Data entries
=-=-=

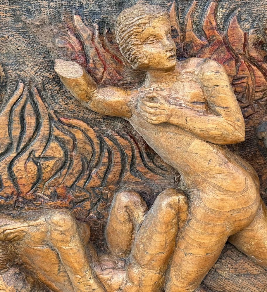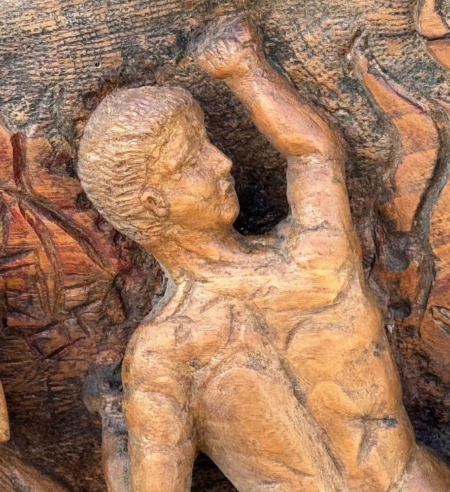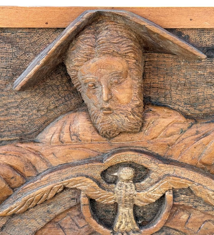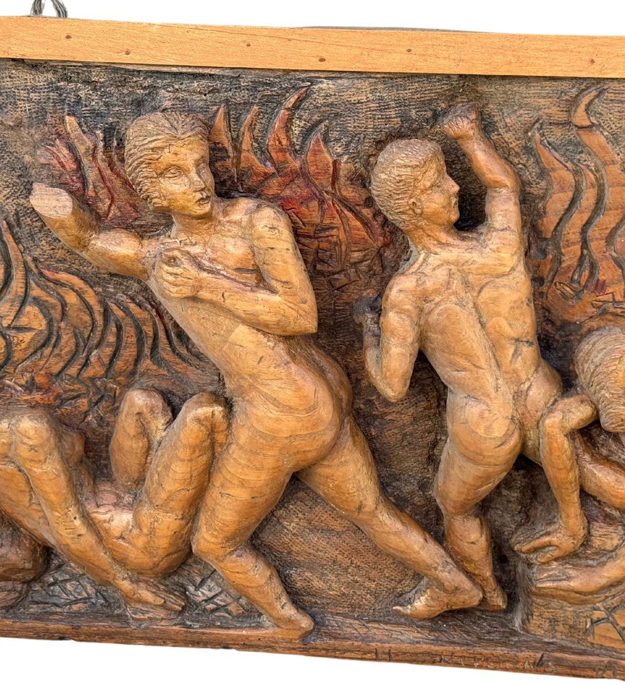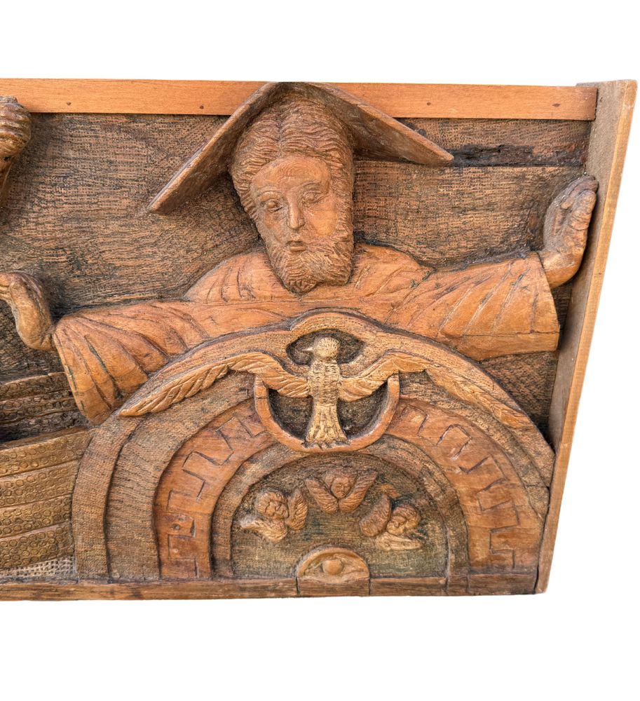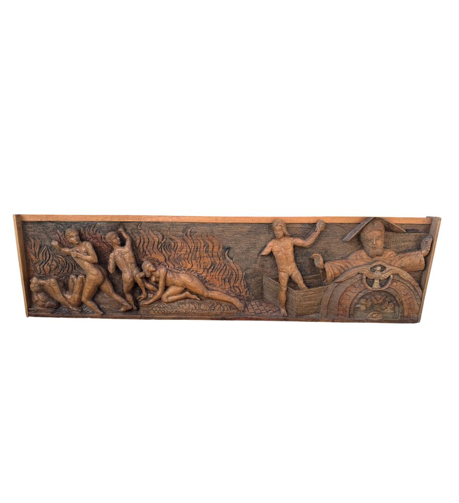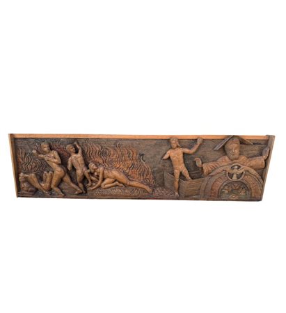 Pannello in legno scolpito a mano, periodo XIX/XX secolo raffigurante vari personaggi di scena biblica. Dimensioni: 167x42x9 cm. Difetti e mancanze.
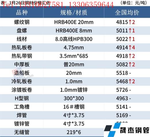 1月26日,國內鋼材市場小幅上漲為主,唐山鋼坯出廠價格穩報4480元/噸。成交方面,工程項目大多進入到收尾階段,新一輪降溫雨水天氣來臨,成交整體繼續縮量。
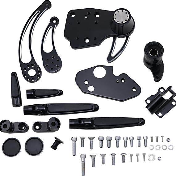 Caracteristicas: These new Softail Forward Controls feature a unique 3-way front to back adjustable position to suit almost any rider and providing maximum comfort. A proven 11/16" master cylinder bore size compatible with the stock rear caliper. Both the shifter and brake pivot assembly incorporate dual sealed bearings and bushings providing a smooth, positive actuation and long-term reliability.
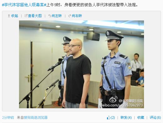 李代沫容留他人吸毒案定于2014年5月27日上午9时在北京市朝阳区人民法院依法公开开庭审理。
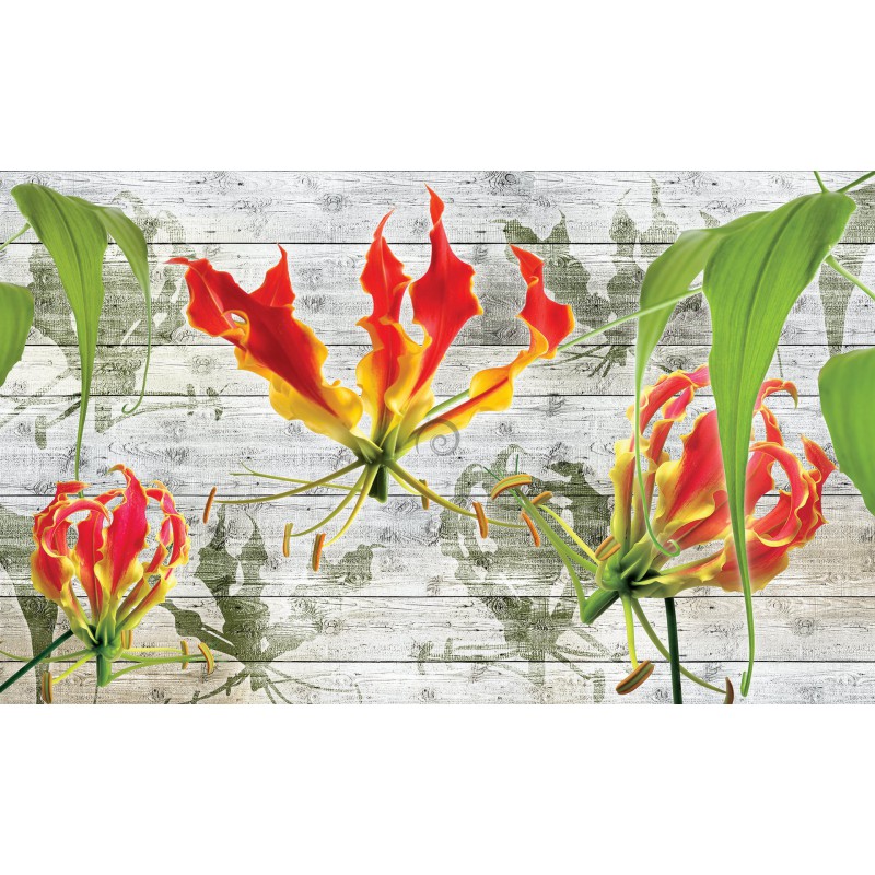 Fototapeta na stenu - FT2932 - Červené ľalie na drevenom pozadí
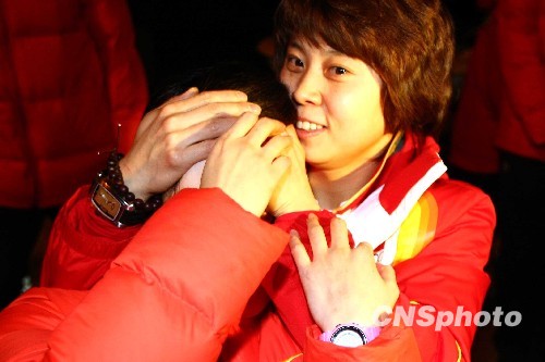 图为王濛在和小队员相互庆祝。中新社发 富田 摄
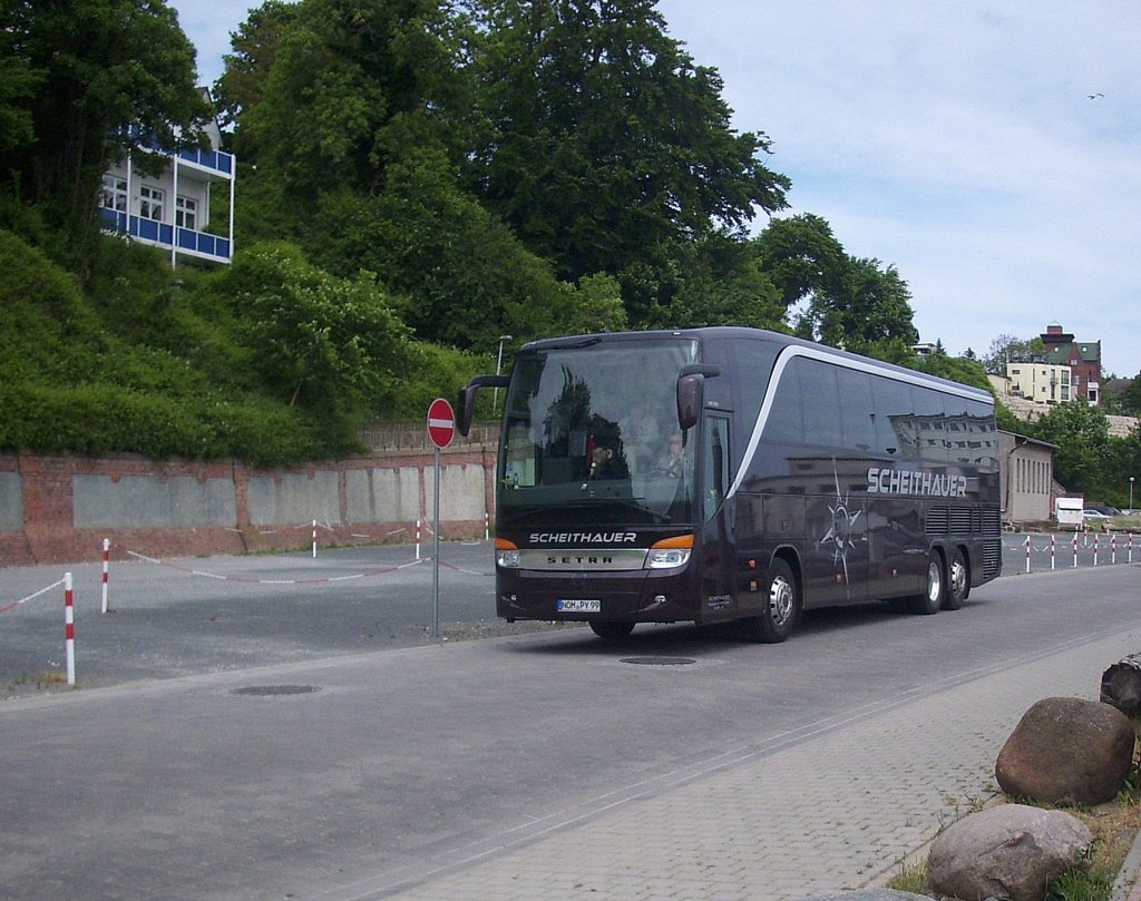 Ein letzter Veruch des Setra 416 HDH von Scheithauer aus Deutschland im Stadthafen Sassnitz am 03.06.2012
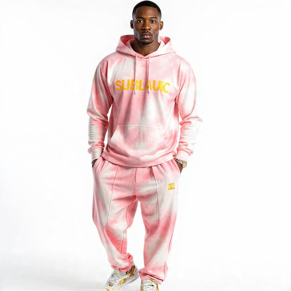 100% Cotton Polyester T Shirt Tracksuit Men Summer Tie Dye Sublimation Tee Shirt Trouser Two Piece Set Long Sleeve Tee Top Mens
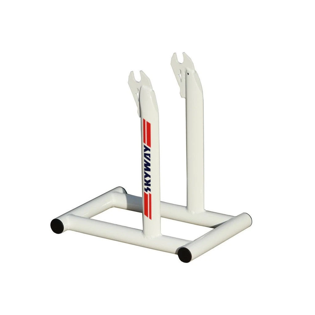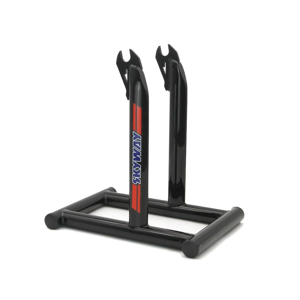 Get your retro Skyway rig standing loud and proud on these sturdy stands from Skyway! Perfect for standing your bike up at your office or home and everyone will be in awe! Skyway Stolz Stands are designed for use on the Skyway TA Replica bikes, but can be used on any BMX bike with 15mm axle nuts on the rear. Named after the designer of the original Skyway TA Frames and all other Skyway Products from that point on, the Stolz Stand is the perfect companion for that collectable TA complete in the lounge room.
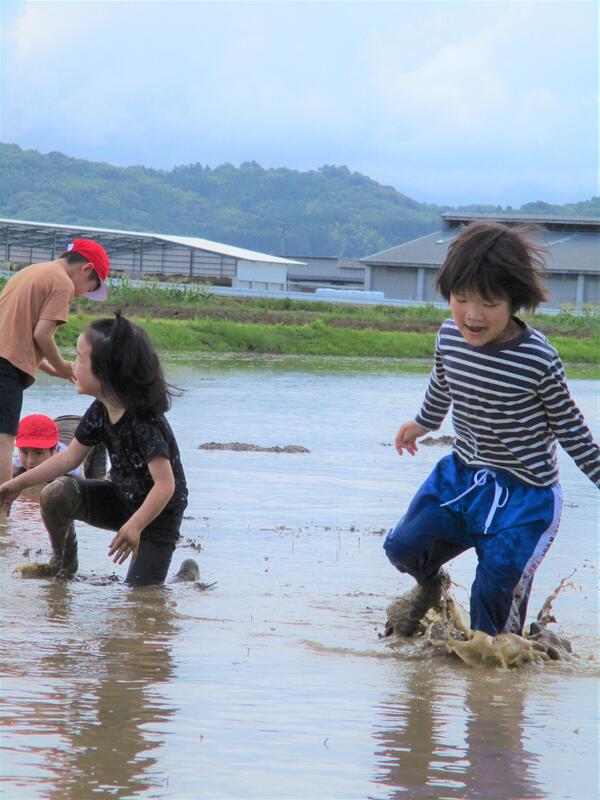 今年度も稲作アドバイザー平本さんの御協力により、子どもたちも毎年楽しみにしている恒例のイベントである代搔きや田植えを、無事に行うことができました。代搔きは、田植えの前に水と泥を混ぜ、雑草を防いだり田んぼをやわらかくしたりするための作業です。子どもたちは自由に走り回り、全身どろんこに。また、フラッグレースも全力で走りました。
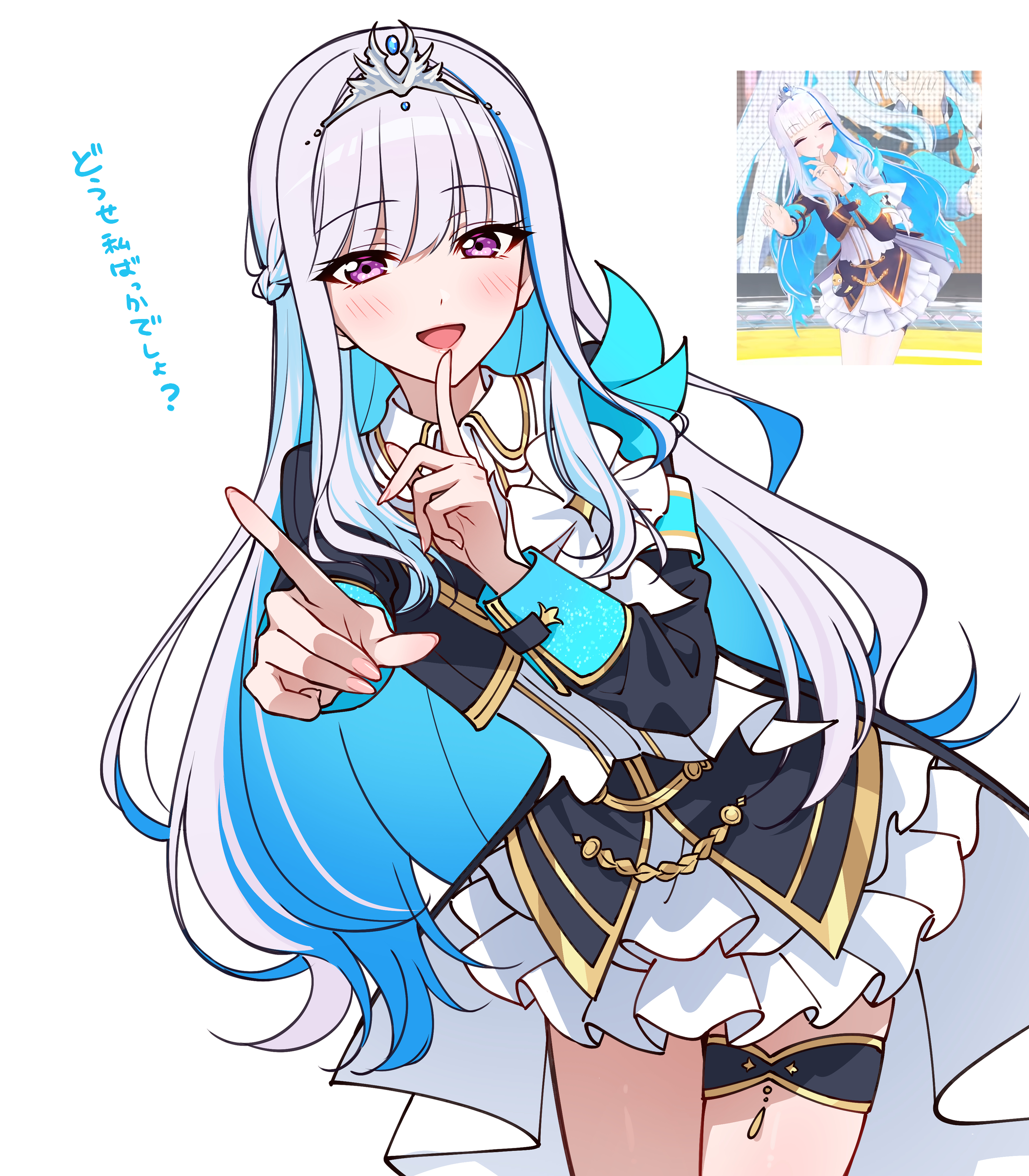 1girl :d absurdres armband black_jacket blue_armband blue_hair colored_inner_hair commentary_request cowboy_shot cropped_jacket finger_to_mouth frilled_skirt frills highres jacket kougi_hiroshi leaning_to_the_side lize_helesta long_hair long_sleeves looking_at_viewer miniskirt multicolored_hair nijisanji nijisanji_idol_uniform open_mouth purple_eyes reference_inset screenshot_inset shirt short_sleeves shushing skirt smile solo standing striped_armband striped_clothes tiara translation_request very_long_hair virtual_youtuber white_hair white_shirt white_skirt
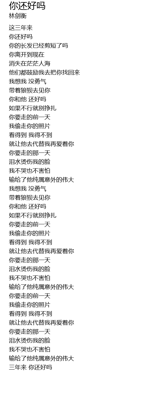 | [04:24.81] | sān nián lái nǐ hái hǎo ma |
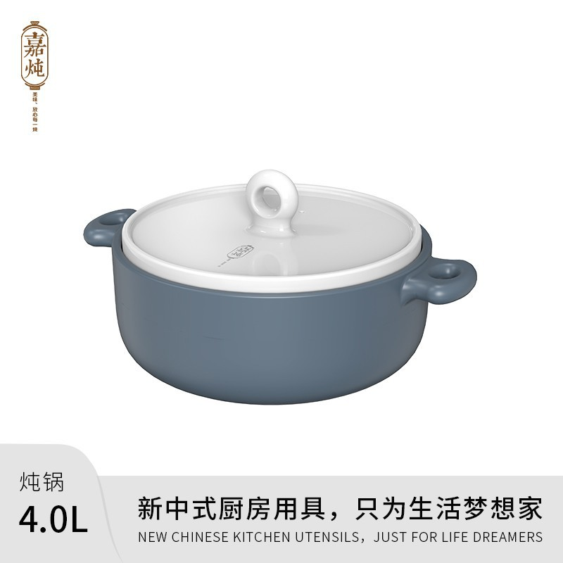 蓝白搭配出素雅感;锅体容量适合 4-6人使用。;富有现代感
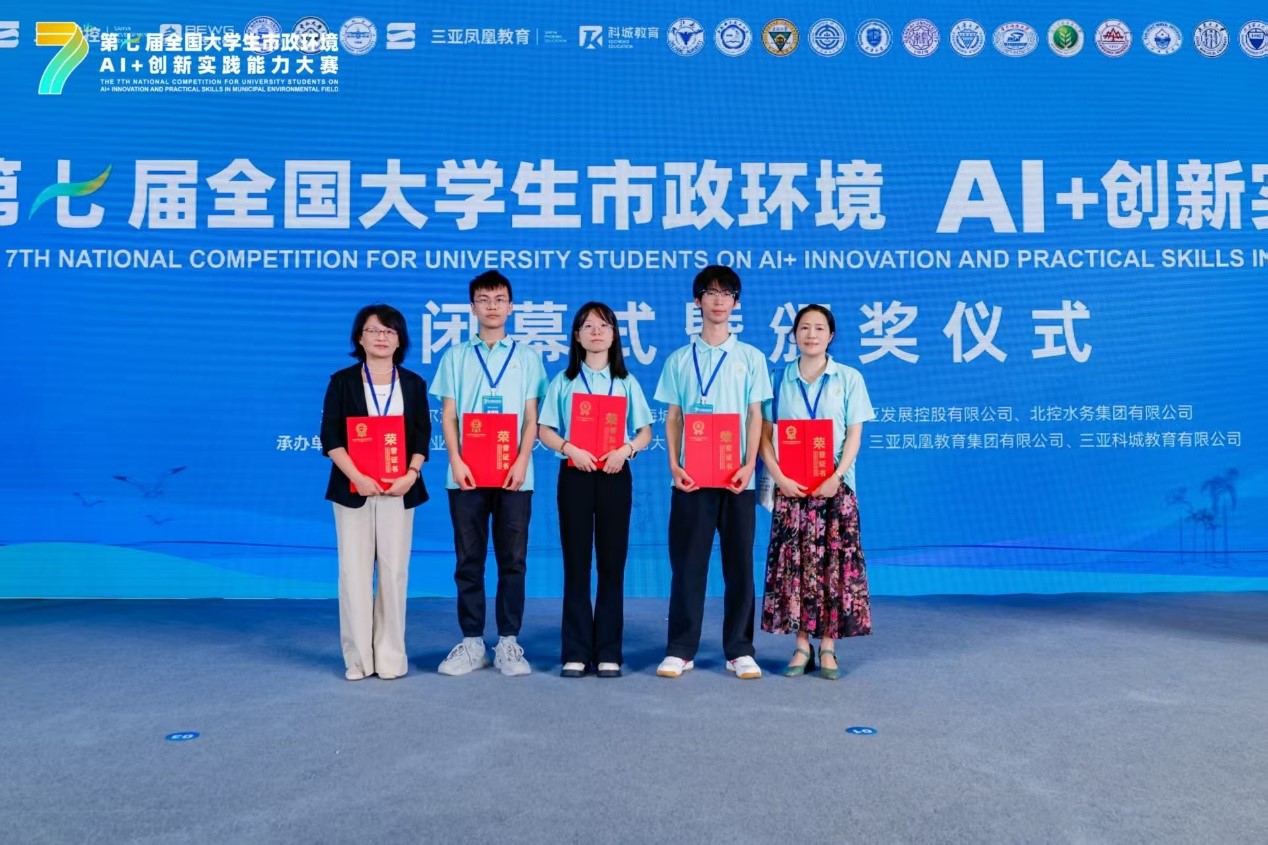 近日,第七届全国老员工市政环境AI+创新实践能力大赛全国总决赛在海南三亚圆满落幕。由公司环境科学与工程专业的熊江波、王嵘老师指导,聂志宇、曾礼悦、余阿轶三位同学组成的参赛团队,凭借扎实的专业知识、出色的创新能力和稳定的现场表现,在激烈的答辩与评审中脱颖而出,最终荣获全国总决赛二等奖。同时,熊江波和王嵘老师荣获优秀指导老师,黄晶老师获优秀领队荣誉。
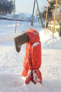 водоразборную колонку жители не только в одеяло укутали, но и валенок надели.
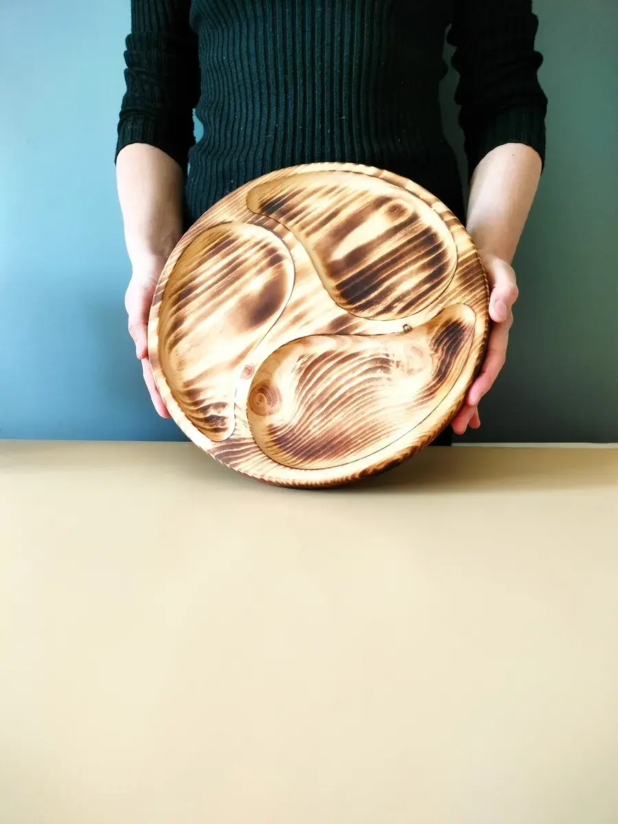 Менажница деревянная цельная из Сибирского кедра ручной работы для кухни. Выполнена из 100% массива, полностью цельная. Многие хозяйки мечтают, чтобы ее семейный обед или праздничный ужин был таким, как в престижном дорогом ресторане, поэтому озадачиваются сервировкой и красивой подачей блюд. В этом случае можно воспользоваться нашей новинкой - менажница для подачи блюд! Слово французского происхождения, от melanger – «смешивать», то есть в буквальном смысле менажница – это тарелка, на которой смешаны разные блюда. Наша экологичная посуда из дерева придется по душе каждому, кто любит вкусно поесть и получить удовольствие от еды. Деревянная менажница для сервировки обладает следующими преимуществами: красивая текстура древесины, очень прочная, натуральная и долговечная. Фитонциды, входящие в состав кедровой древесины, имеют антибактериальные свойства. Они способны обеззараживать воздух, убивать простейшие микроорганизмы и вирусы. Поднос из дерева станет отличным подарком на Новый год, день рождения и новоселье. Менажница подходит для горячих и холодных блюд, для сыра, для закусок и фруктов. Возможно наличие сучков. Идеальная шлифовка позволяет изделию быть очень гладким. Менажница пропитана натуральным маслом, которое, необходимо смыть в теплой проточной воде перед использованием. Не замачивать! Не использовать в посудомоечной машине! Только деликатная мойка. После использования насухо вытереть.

=-=-=

#### EXERCISE INSTRUCTIONS:
Please reproduce, word for word, only the lines from the line that holds "hái hǎo ma |" through the final line of the entries above, omitting any pictures.

#### TASK ANSWER:
 | [04:24.81] | sān nián lái nǐ hái hǎo ma |
 蓝白搭配出素雅感;锅体容量适合 4-6人使用。;富有现代感
 近日,第七届全国老员工市政环境AI+创新实践能力大赛全国总决赛在海南三亚圆满落幕。由公司环境科学与工程专业的熊江波、王嵘老师指导,聂志宇、曾礼悦、余阿轶三位同学组成的参赛团队,凭借扎实的专业知识、出色的创新能力和稳定的现场表现,在激烈的答辩与评审中脱颖而出,最终荣获全国总决赛二等奖。同时,熊江波和王嵘老师荣获优秀指导老师,黄晶老师获优秀领队荣誉。
 водоразборную колонку жители не только в одеяло укутали, но и валенок надели.
 Менажница деревянная цельная из Сибирского кедра ручной работы для кухни. Выполнена из 100% массива, полностью цельная. Многие хозяйки мечтают, чтобы ее семейный обед или праздничный ужин был таким, как в престижном дорогом ресторане, поэтому озадачиваются сервировкой и красивой подачей блюд. В этом случае можно воспользоваться нашей новинкой - менажница для подачи блюд! Слово французского происхождения, от melanger – «смешивать», то есть в буквальном смысле менажница – это тарелка, на которой смешаны разные блюда. Наша экологичная посуда из дерева придется по душе каждому, кто любит вкусно поесть и получить удовольствие от еды. Деревянная менажница для сервировки обладает следующими преимуществами: красивая текстура древесины, очень прочная, натуральная и долговечная. Фитонциды, входящие в состав кедровой древесины, имеют антибактериальные свойства. Они способны обеззараживать воздух, убивать простейшие микроорганизмы и вирусы. Поднос из дерева станет отличным подарком на Новый год, день рождения и новоселье. Менажница подходит для горячих и холодных блюд, для сыра, для закусок и фруктов. Возможно наличие сучков. Идеальная шлифовка позволяет изделию быть очень гладким. Менажница пропитана натуральным маслом, которое, необходимо смыть в теплой проточной воде перед использованием. Не замачивать! Не использовать в посудомоечной машине! Только деликатная мойка. После использования насухо вытереть.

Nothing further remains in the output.